Silver A' Design Award Winner 2025
The spatial vocabulary of Nara Grossi's Enjoei Headquarter Office operates through a sophisticated system of symbolic communications that speak to contemporary workplace values while drawing upon deep wells of design heritage and archetypal spatial experience. The circular rug functions as a mandala-like organizing principle, its bounded geometry creating sacred territory within the larger open plan, the folk botanical patterns evoking agrarian traditions of hand-crafted textiles and connecting digital-age work to ancestral making. The color triad of yellow, orange, and green distributed across furnishings and pattern work activates associations with vitality, warmth, and natural growth, suggesting an organizational culture that values energy and organic development. The curved sofa with its scalloped back introduces feminine, nurturing formal language that softens the masculine industrial vocabulary of exposed structure above, this dialogue between polarities creating dynamic balance. Chrome tubular furniture references Bauhaus ideology of democratic design through industrial production, while the singular yellow chair performs as spatial punctuation, its saturated hue functioning semiotically as invitation and energy marker. The mosaic column operates as axis mundi, a vertical anchor suggesting permanence and craft within the flux of contemporary work, its tessellated surface carrying associations with ancient architectural traditions of hand-placed materials. The exposed ceiling, rather than concealed behind dropped panels, speaks to values of transparency and authenticity increasingly important in organizational culture, while its warm illumination transforms potential harshness into embracing atmosphere. Arched openings in the background reference classical and Mediterranean architectural traditions, their curved geometry suggesting threshold and passage, psychological transition between work modes. The motion-blurred figure confirms human presence and temporal flow, preventing the space from reading as static stage set and affirming its identity as living environment shaped by and for human activity.

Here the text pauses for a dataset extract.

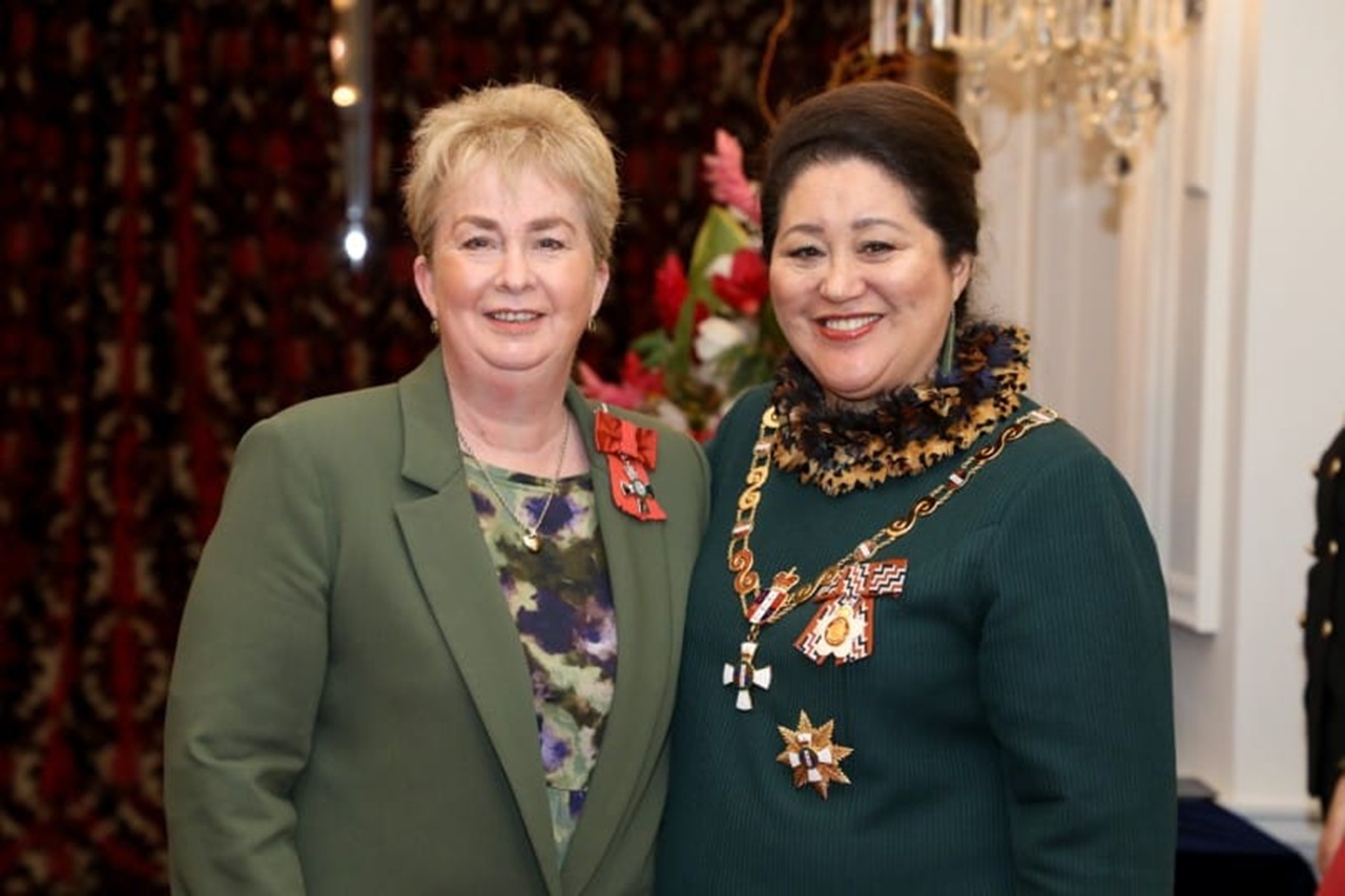 Yvonne Browning was presented her Member of the New Zealand Order of Merit (MNZM) - for services to education and youth - by the Governor-General, Her Excellency The Right Honourable Dame Cindy Kiro, in September 2023. Photo: Supplied

Enjoei by Gema Arquitetura is a workplace in Oscar Niemeyer's Copan building in Sao Paulo, Brazil. Occupying an area of 2.100 m2, the design concept was structured with three goals in mind: sustainability, accessibility and a sense of belonging. The project focused on understanding scales, bringing contrast between materials and creating a fluid environment where each element connects. Designed for people, the space is calm, quiet and futuristic. Results speak for themselves: with most people coming from home offices everywhere, the team now is upbeat working in this space every day.